The iSight camera on the Lil Pro is even better than the Big Pro’s camera, because it has a True Tone flash and supports Live Photos, which the Big Pro doesn’t. Plus, it records 4K video, while the Big Pro is stuck on 1080p. Want to shoot slo-mo? The Lil Pro lets you choose 1080p at 120fps or 720p at 240fps, while the Big Pro can only handle 720p at 120fps. Again, the Lil Pro’s physical size makes me more likely to use it to shoot stills or video, and even if you scoff at the very idea, don’t forget that plenty of apps use the cameras for things like augmented reality or even…well, shooting video. For example, an app called Hudl Technique lets you film a baseball, tennis, or golf swing and then analyze it in slo-mo for proper form and technique. It’s universal for iPhone and iPad, but the iPad’s bigger screen makes it a lot easier to use, and the camera captures enough detail that you can zoom way in on the way a wrist or ankle turns during a swing.
What about the RAM?
It’s true that the Lil Pro has 2GB of RAM, or half the RAM of the Big Pro, which has 4GB. But bigger screens demand more resources to power them, and in testing with GeekBench 3, the Big Pro only scored about 6 percent better overall, so I don’t think many people will notice a performance hit in most tasks. Memory-specific tests show more of a discrepancy, because as it turns out, it’s not just the amount of RAM that’s different, but the memory bandwidth too.

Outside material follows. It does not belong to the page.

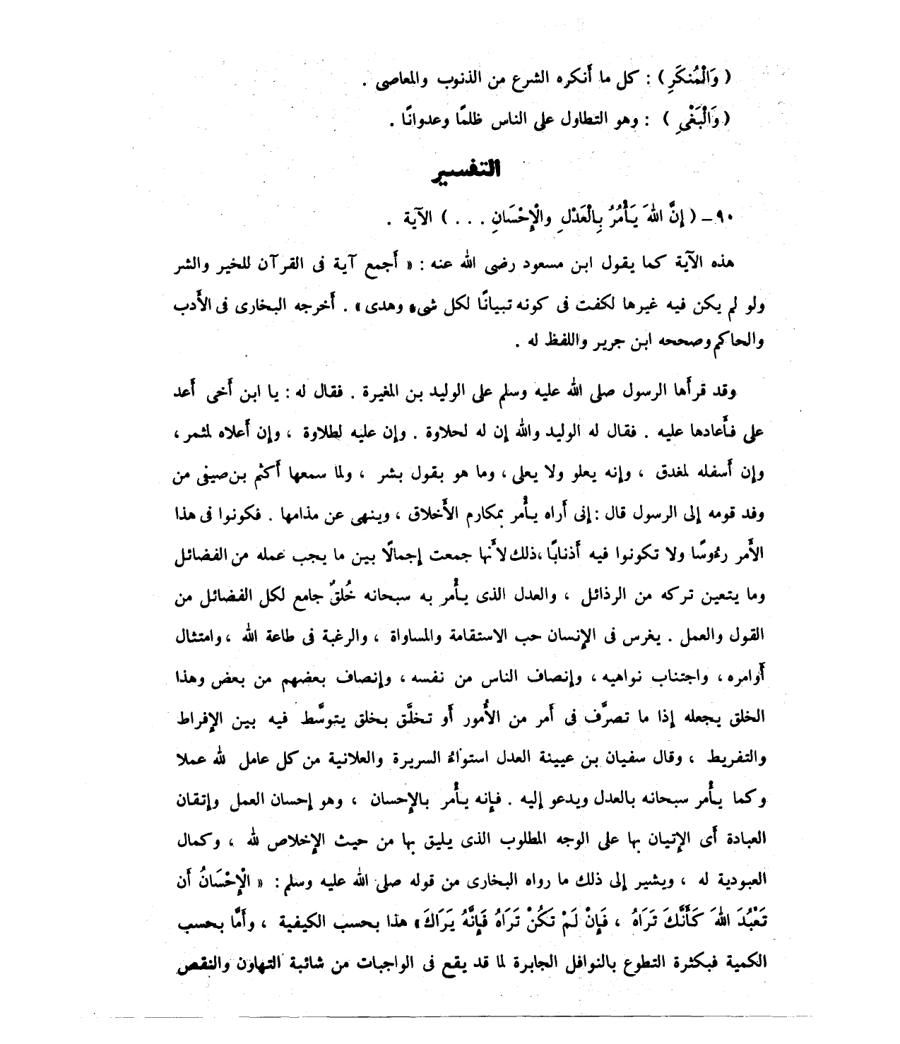 وقد قرأها الرسول صلى الله عليه وسلم على الوليد بن المغيرة. فقال له: يا ابن أَخى أعد على فأعادها عليه. فقال له الوليد والله إِن له لحلاوة. وإن عليه لطلاوة، وإن أَعلاه لمثمر، وإن أسفله لمغدق، وإنه يعلو ولا يعلى، وما هو بقول بشر، ولما سمعها أكثم بن صيفي من وفد قومه إِلى الرسول قال: إني أَراه يأمر بمكارم الأخلاق، وينهى عن مذامها. فكونوا فى هذا الأمر رءُوسًا ولا تكونوا فيه أَذنابًا، ذلك لأنها جمعت إجمالًا بين ما يجب عمله من الفضائل وما يتعين تركه من الرذائل، والعدل الذى يأمر به سبحانه خُلقٌ جامع لكل الفضائل من القول والعمل. يغرس فى الإنسان حب الاستقامة والمساواة، والرغبة فى طاعة الله، وامتثال أوامره، واجتناب نواهيه، وإنصاف الناس من نفسه، وإِنصاف بعضهم من بعض وهذا الخلق يجعله إذا ما تصرَّف فى أَمر من الأمور أو تخلَّق بخلق يتوسَّط فيه بين الإفراط والتفريط، وقال سفيان بن عيينة العدل استواءُ السريرة والعلانية من كل عامل لله عملا وكما يأمر سبحانه بالعدل ويدعو إليه. فإنه يأمر بالإحسان، وهو إحسان العمل وإتقان العبادة أَى الإتيان بها على الوجه المطلوب الذى يليق بها من حيث الإخلاص لله، وكمال العبودية له، ويشير إلى ذلك ما رواه البخاري من قوله صلى الله عليه وسلم: "الإحْسَانُ أن تَعْبُدَ اللهَ كَأنَّكَ تَرَاهُ، فَإنْ لَم تكُنْ تَرَاهُ فَإنهُ يَرَاك" هذا بحسب الكيفية، وأَمَّا بحسب الكمية فبكثرة التطوع بالنوافل الجابرة لما قد يقع فى الواجبات من شائبة التهاون والنقص

In Geekbench 3’s multi-core memory benchmark, the Big Pro scored 4112. On the Lil Pro, the same test produced 3203, or about 28 percent worse. In most tasks, you’re unlikely to see the impact of a little less memory bandwidth. Where it’s more likely to manifest itself is graphics-related tasks such as gaming.
In 3DMark’s Sling Shot Extreme test, for example, the Lil Pro scored 3146, about 20 percent worse than the Big Pro’s score of 3787. But when the same test was set to render offscreen, the Big Pro’s 3794 only bested the Little Pro’s 3528 by 7.5 percent. And in AnTuTu Benchmark app, the Lil Pro scored just 11 percent worse than the Big Pro.